= Bartolomé de Escobedo =

Spanish composer of the Renaissance

Bartolomé de Escobedo (1515 - August 11, 1563) was a Spanish composer of the Renaissance.

==Biography==
He was born in Zamora, studied at Salamanca where he was a singer, and in 1536 joined the papal choir in Rome as only the second Spaniard to be admitted after Cristóbal de Morales. He remained in Rome until 1554, interrupted by a short return to his home in 1541-5. When he left the papal choir he returned to Spain, taking a non-resident prebend at the cathedral in Segovia.

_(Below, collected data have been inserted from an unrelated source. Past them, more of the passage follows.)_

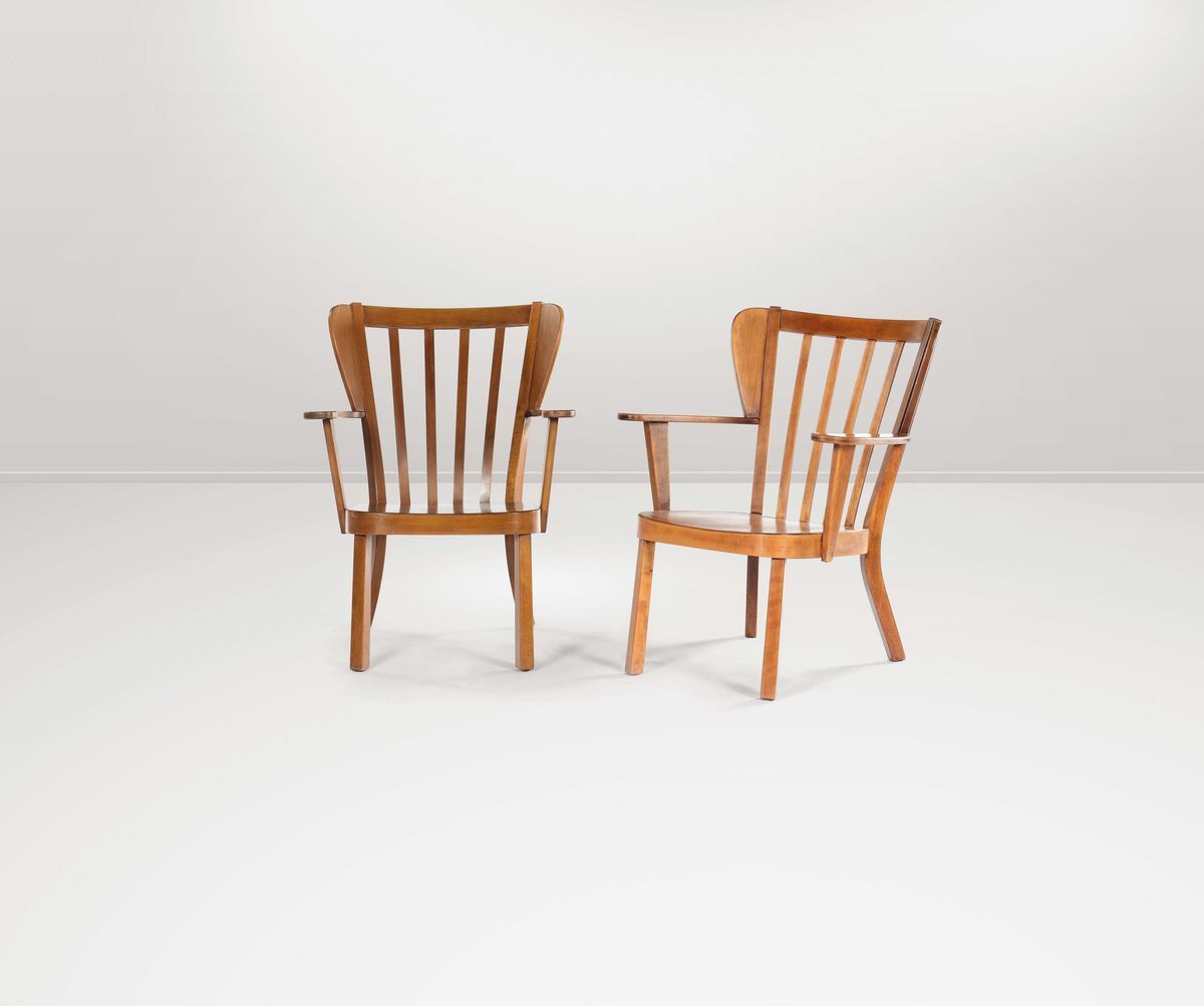 Coppia di sedie Canada mo. 2252 in legno di faggio.Prod. Fritz Hansen, Danimarca, 1940 ca.cm. 64x80x50
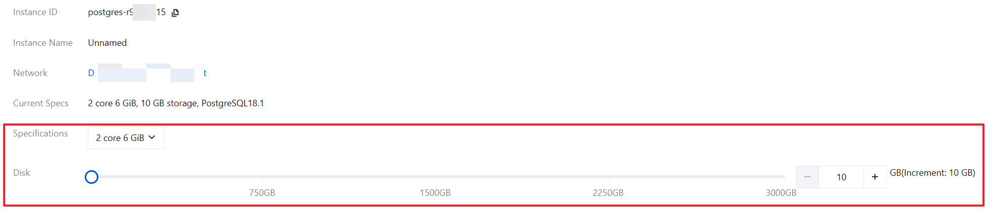 To leave sufficient space for restoring compressed backup files, the system defaults to the new instance storage specifications being at least four times the size of the compressed files. After cloning is complete, scale-in can be performed to avoid space waste. You can log in to the console, go to the instance details, click Adjust Configuration in the configuration information, and modify the instance specifications and disk capacity.
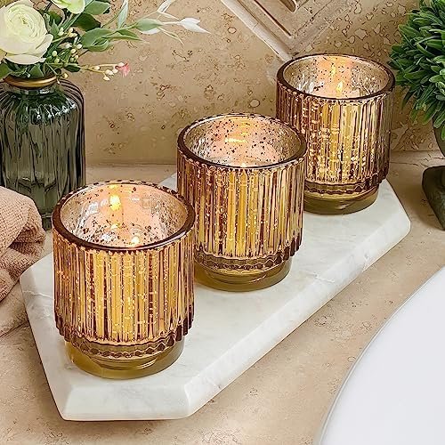 Kate Aspen Gold Votive Candle Holders – Vintage Ribbed Glass Candle Holder Set of 6 – Mercury Glass Tealight Holders for Christmas Table Decor, Holiday Centerpieces, Fall Thanksgiving Tablescape
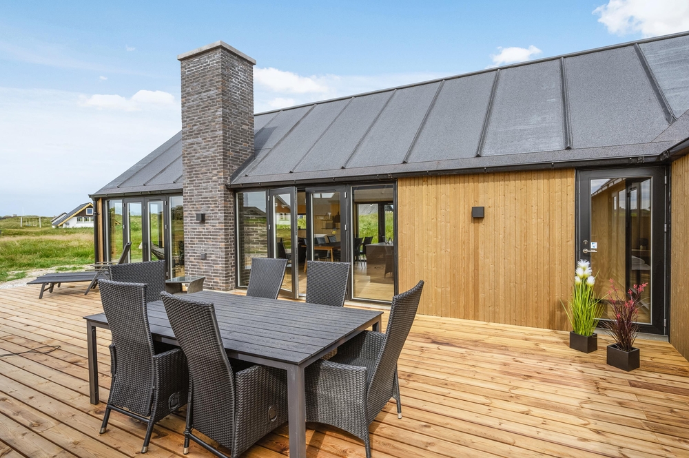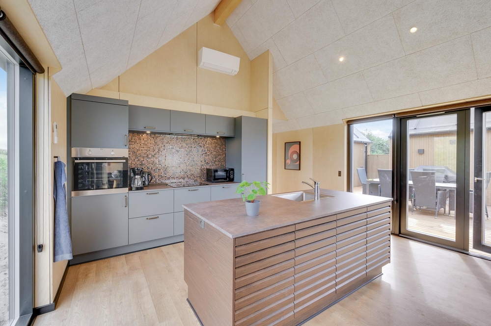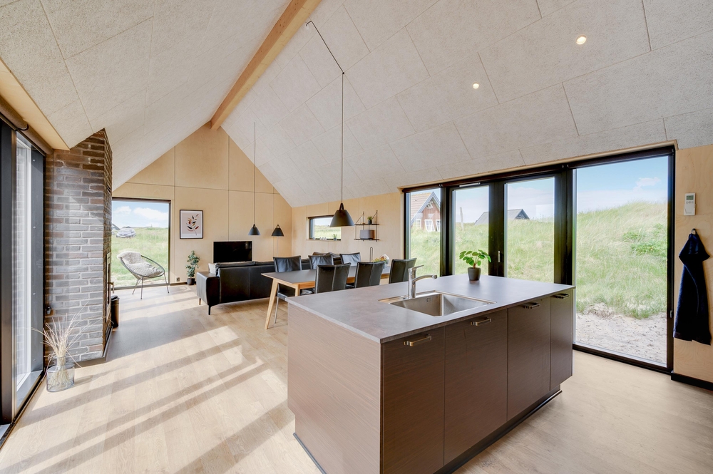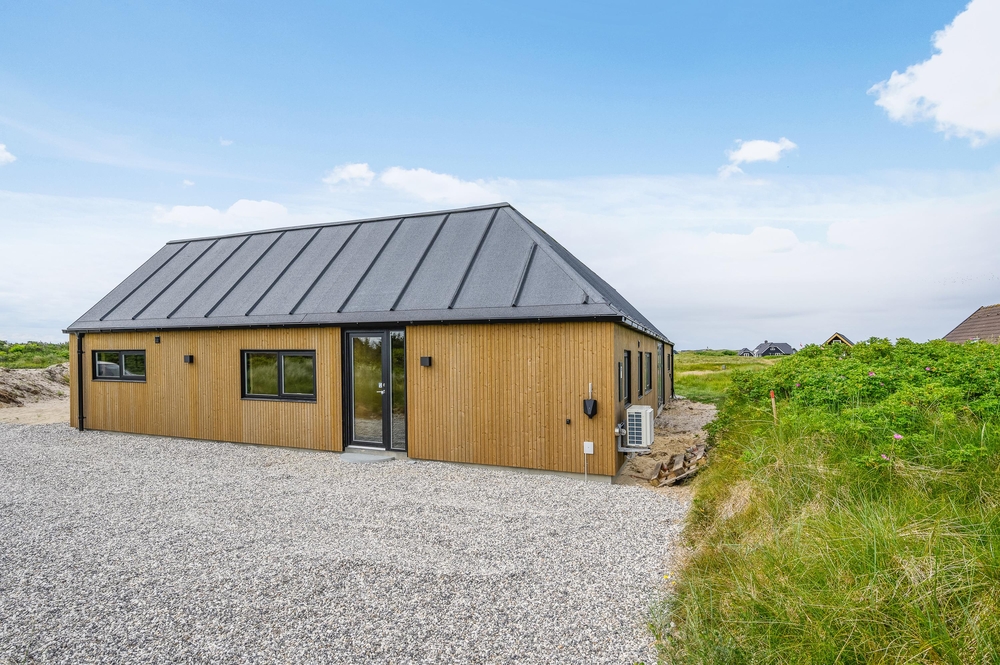 Inmitten von Heide- und Dünenlandschaften findet ihr dieses, in 2021, neu gebaute Ferienhaus im Opstrupsvej 58 in Klegod.
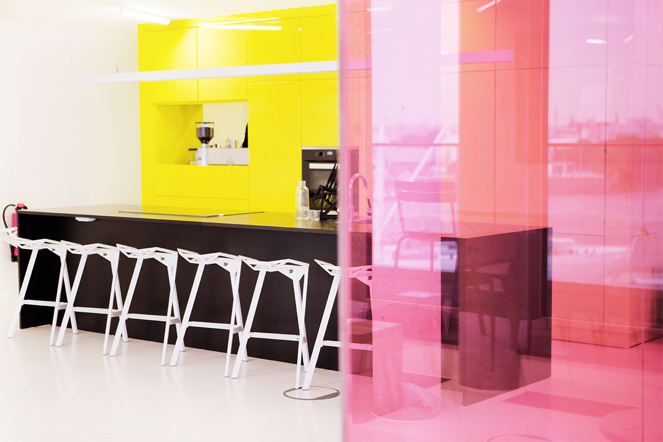 Bei loved geht es hingegen etwas bunter zu: Pinke Glasscheiben dienen als Trennwände, die große Küche leuchtet knallgelb, die Hocker sind pastellrosa-hellblau oder rot-pink, die Badezimmer komplett rosafarben oder gelb.
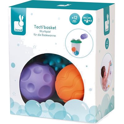 Basketball hoop for the bath to hang on earthenware thanks to its suction cups. Accompanied by 3 sensory balls to develop motor skills and concentration of the child. Closed box with window
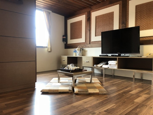 全家一起在小茶桌前看電視聊天還有老街買的小點心,
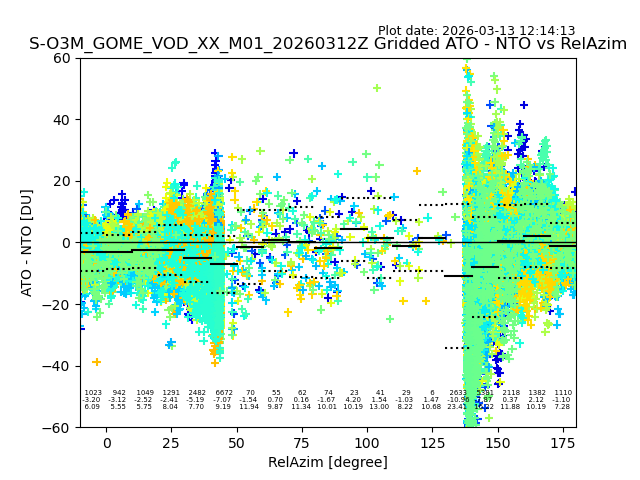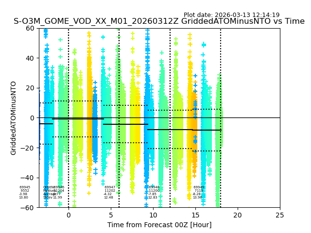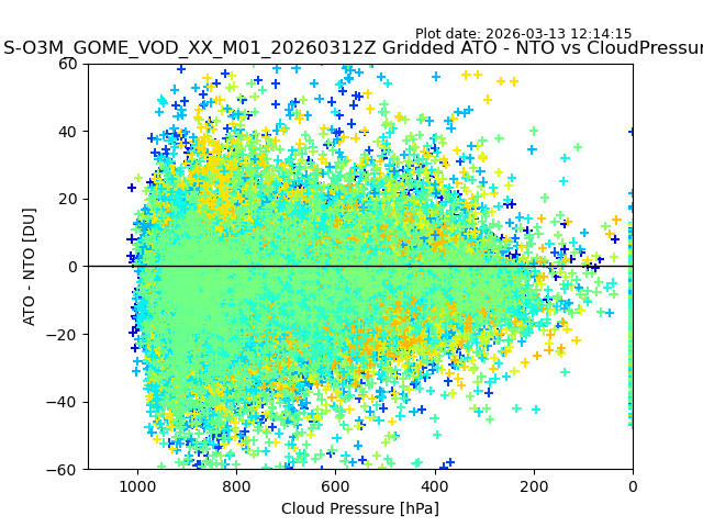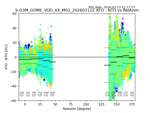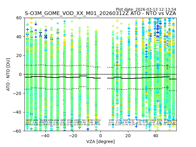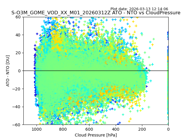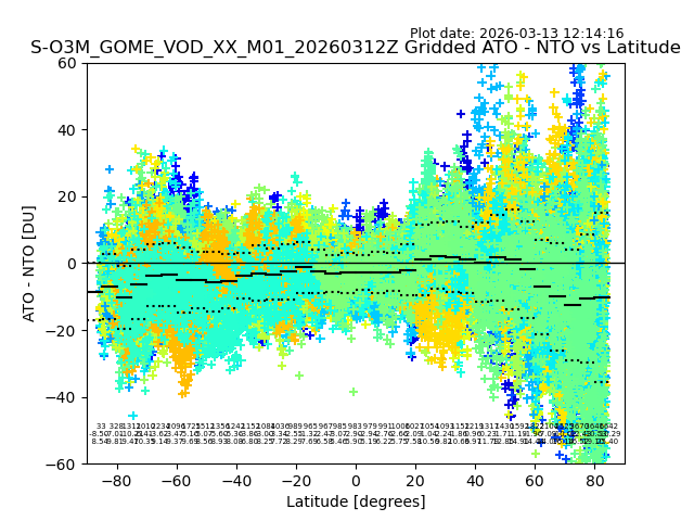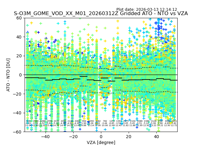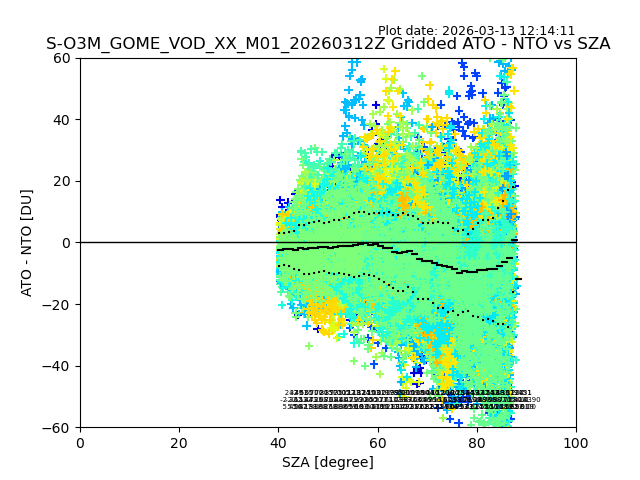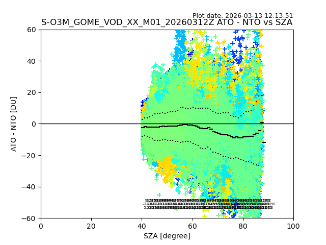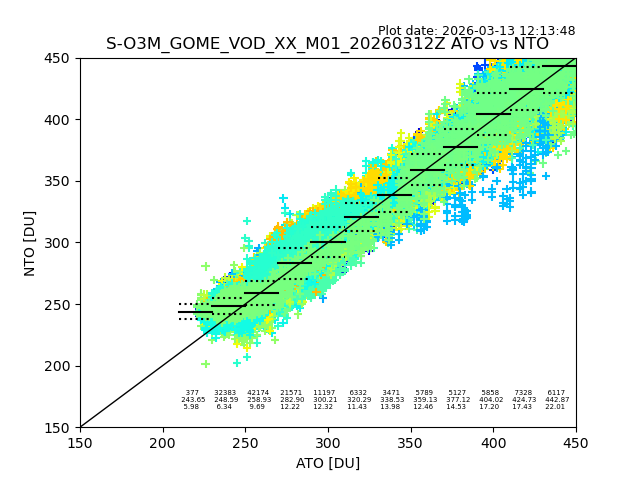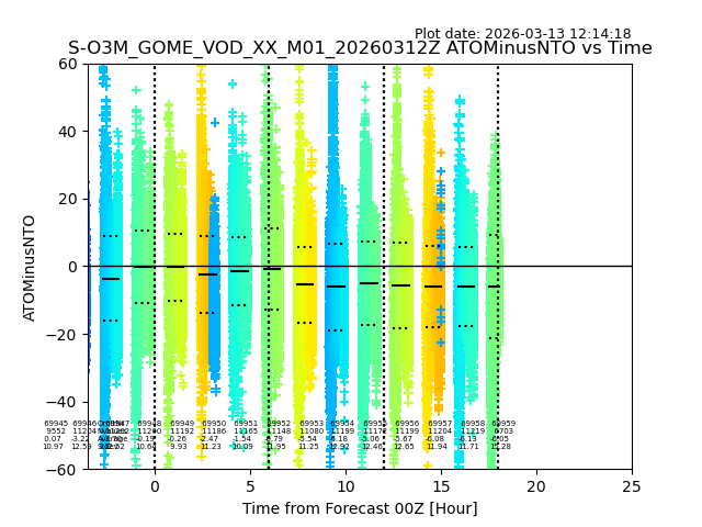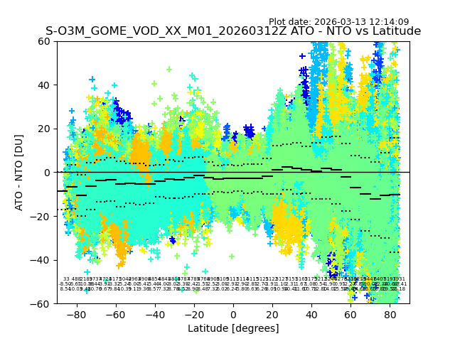 The date given in the title of the plot indicates the T=0 day for which the NTO/O3 data is compared. Example: S-O3M_GOME_VOD__M02_20110117Z indicates that the plot is for data from 2011-01-17 00:00 up NTO/O3 files starting at 2011-01-17 23:59 is used.
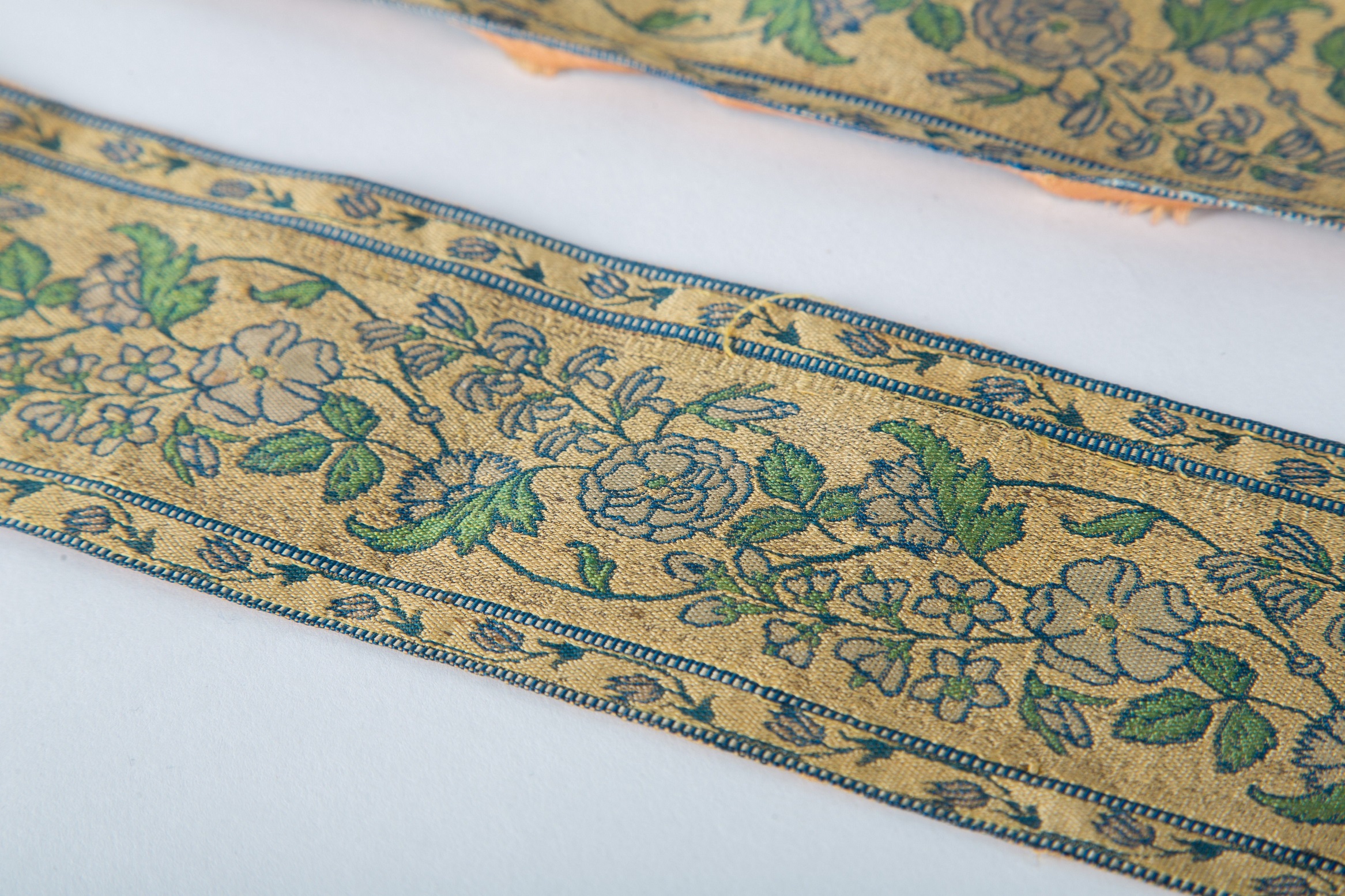 Arte Indiana Frammenti di tessuti floreali in seta ricamata
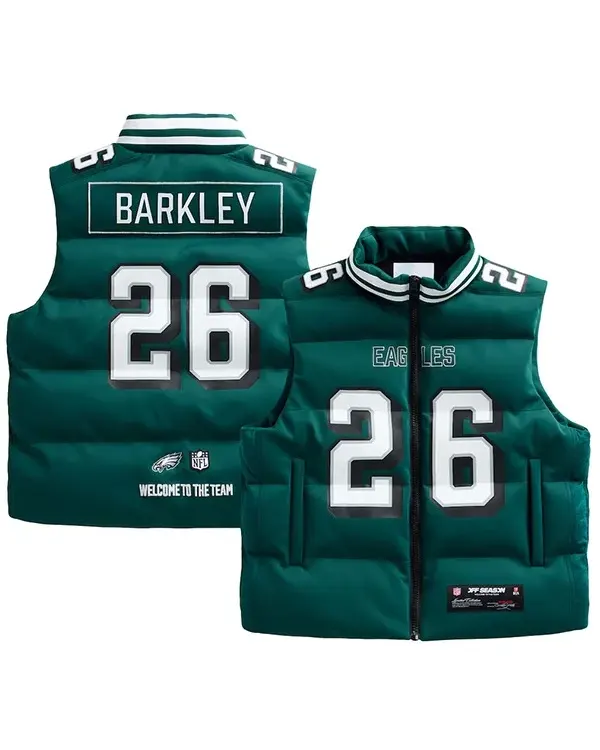 Off Season X NFL Philadelphia Eagles Saquon Barkley and Jalen Hurts Player Green Puffer Vest
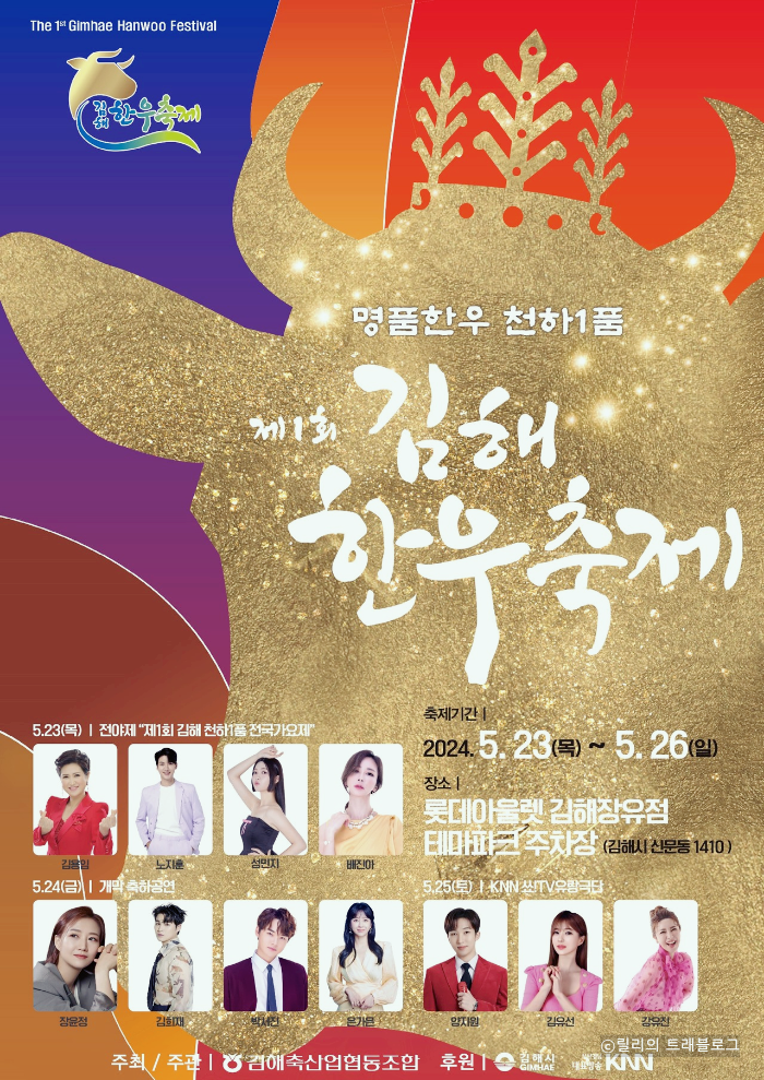 제1회 김해한우축제는 김해시의 우수 축산물인 김해한우의 품질과 맛을 널리 알리는 동시에, 다양한 공연과 이벤트를 통해 즐거운 시간을 보낼 수 있는 축제입니다. 박서진, 김희재, 장윤정, 은가은 등 유명 가수들의 공연을 비롯해 다양한 프로그램들이 준비되어 있어, 가족, 친구, 연인과 함께 방문하기에 최적의 축제입니다. 2024년 5월 23일부터 5월 26일까지 열리는 김해한우축제에 꼭 방문하셔서 특별한 경험을 만끽해보세요!

He had his share of difficulties while in Rome, mostly due to his short temper and illness. Records from the Vatican, the Diarii Sistini, show that he was fined on two occasions for calling a fellow singer an "ass" and a "fat pig", and that he was inexplicably excommunicated for one day in 1546. Despite this, he was well regarded as a theorist and was famously involved in judging the public debate of 1551 between Nicola Vicentino and Vicenzo Lusitano over the relevance of ancient Greek modes to 16th century music.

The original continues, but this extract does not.